▶ _HOW TO COMPLETE THIS TASK_
Only the lines from the one with "This is as a" through the last line of the data below are to be duplicated, exactly and without pictures.

══════════

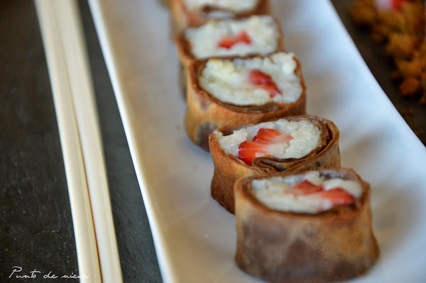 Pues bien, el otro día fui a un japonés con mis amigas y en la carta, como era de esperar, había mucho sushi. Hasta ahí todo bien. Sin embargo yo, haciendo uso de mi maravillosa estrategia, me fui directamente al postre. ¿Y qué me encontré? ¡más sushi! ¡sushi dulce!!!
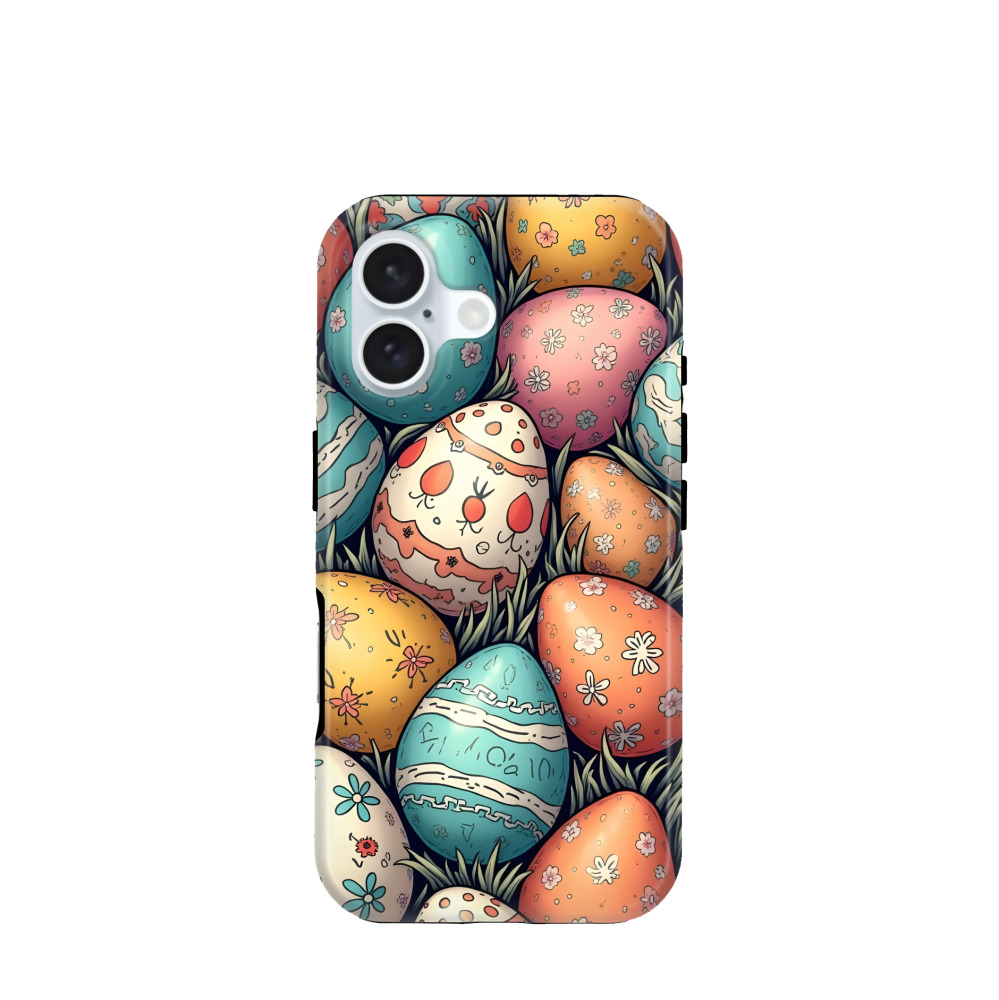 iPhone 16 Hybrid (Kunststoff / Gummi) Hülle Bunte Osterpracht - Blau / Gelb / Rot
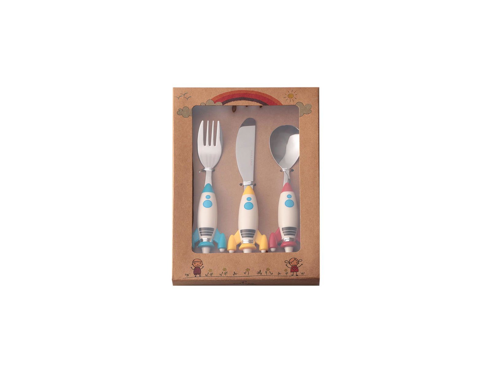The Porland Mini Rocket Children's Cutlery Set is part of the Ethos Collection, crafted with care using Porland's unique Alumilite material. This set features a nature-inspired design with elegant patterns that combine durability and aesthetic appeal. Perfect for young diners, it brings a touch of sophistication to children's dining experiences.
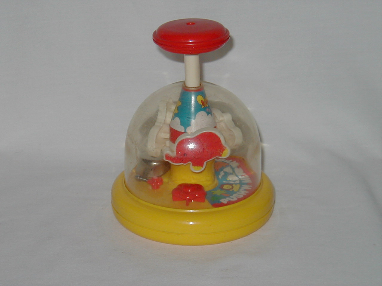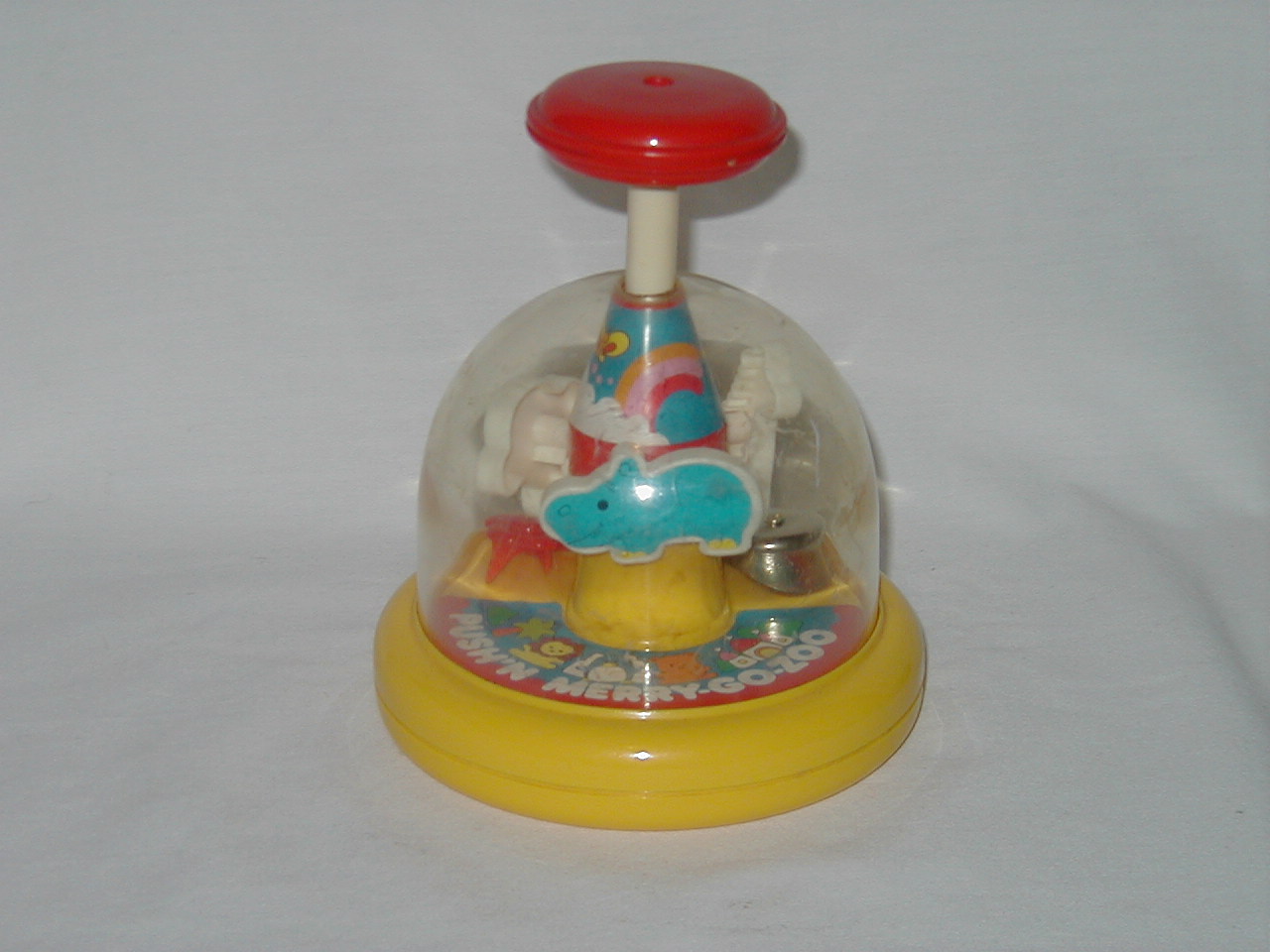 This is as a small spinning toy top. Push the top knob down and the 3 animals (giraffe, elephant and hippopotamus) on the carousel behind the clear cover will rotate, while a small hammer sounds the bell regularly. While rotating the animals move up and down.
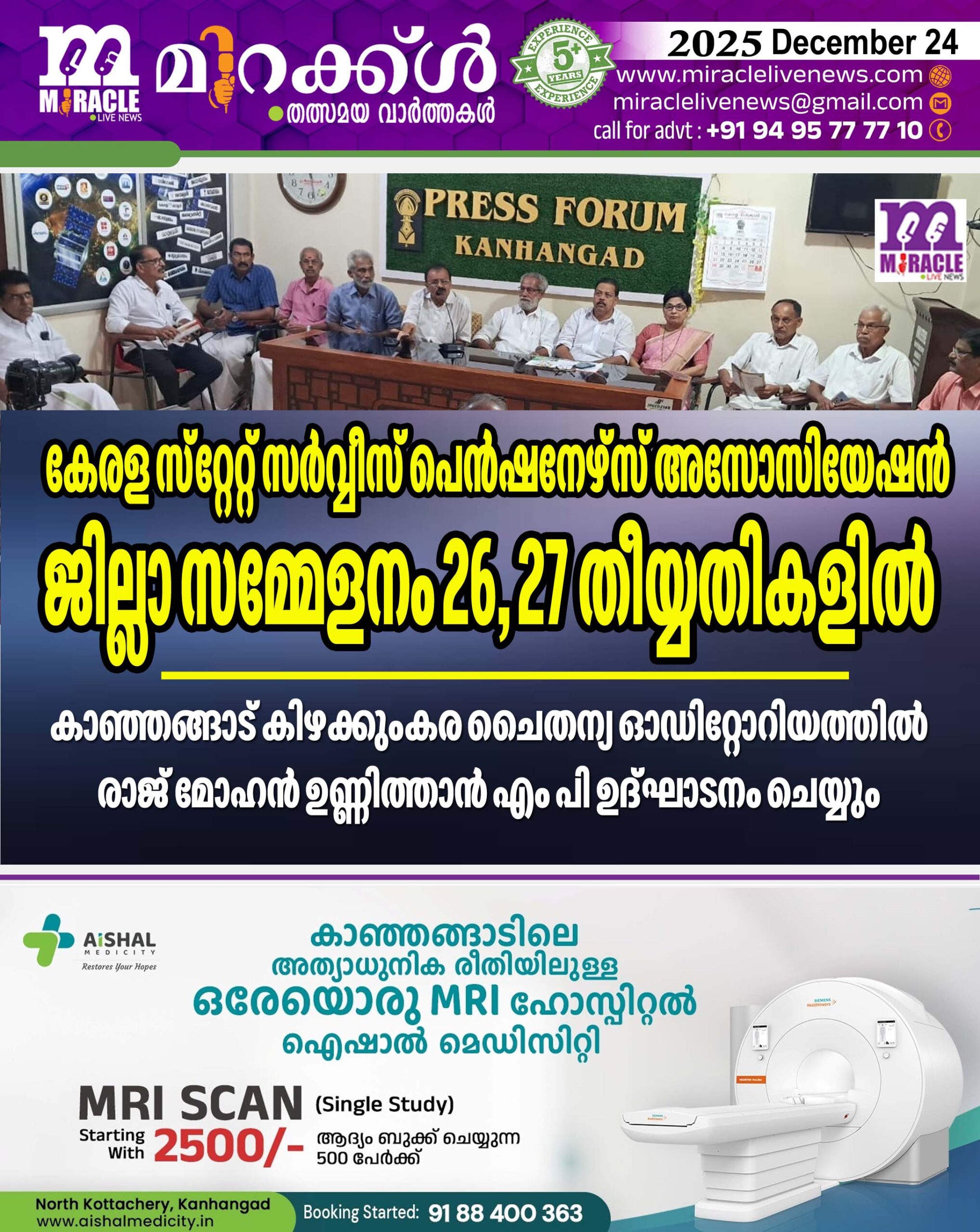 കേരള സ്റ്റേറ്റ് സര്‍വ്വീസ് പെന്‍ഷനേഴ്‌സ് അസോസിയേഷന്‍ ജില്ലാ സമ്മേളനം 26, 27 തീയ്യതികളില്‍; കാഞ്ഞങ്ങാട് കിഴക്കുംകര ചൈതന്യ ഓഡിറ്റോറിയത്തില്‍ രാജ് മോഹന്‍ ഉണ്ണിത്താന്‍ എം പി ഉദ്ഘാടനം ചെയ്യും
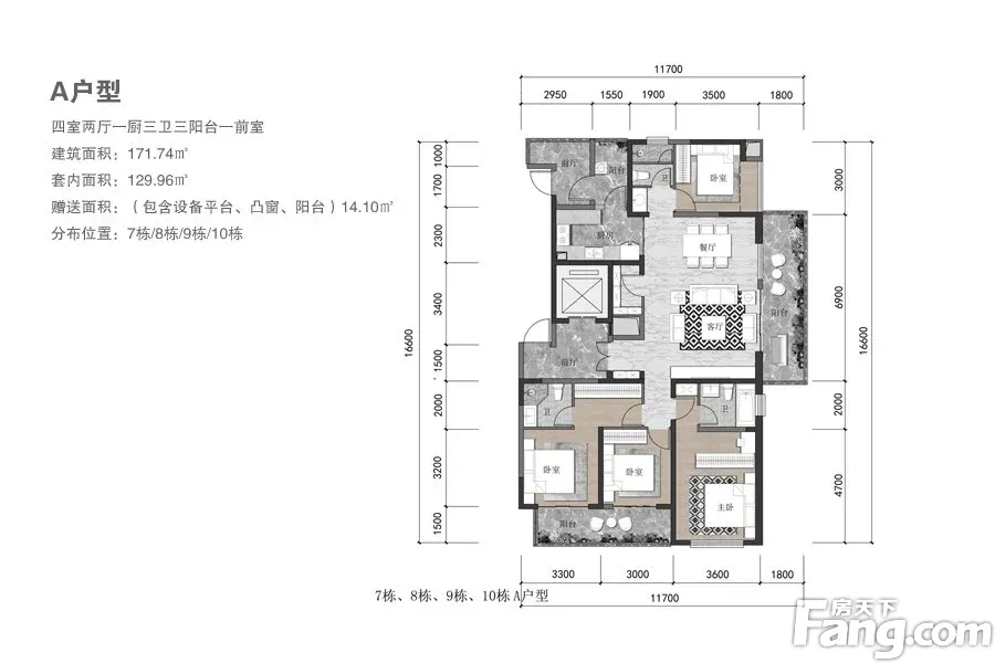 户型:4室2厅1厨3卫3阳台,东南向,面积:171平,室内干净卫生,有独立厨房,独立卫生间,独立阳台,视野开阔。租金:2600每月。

══════════

▶ _TASK ANSWER_
 This is as a small spinning toy top. Push the top knob down and the 3 animals (giraffe, elephant and hippopotamus) on the carousel behind the clear cover will rotate, while a small hammer sounds the bell regularly. While rotating the animals move up and down.
 കേരള സ്റ്റേറ്റ് സര്‍വ്വീസ് പെന്‍ഷനേഴ്‌സ് അസോസിയേഷന്‍ ജില്ലാ സമ്മേളനം 26, 27 തീയ്യതികളില്‍; കാഞ്ഞങ്ങാട് കിഴക്കുംകര ചൈതന്യ ഓഡിറ്റോറിയത്തില്‍ രാജ് മോഹന്‍ ഉണ്ണിത്താന്‍ എം പി ഉദ്ഘാടനം ചെയ്യും
 户型:4室2厅1厨3卫3阳台,东南向,面积:171平,室内干净卫生,有独立厨房,独立卫生间,独立阳台,视野开阔。租金:2600每月。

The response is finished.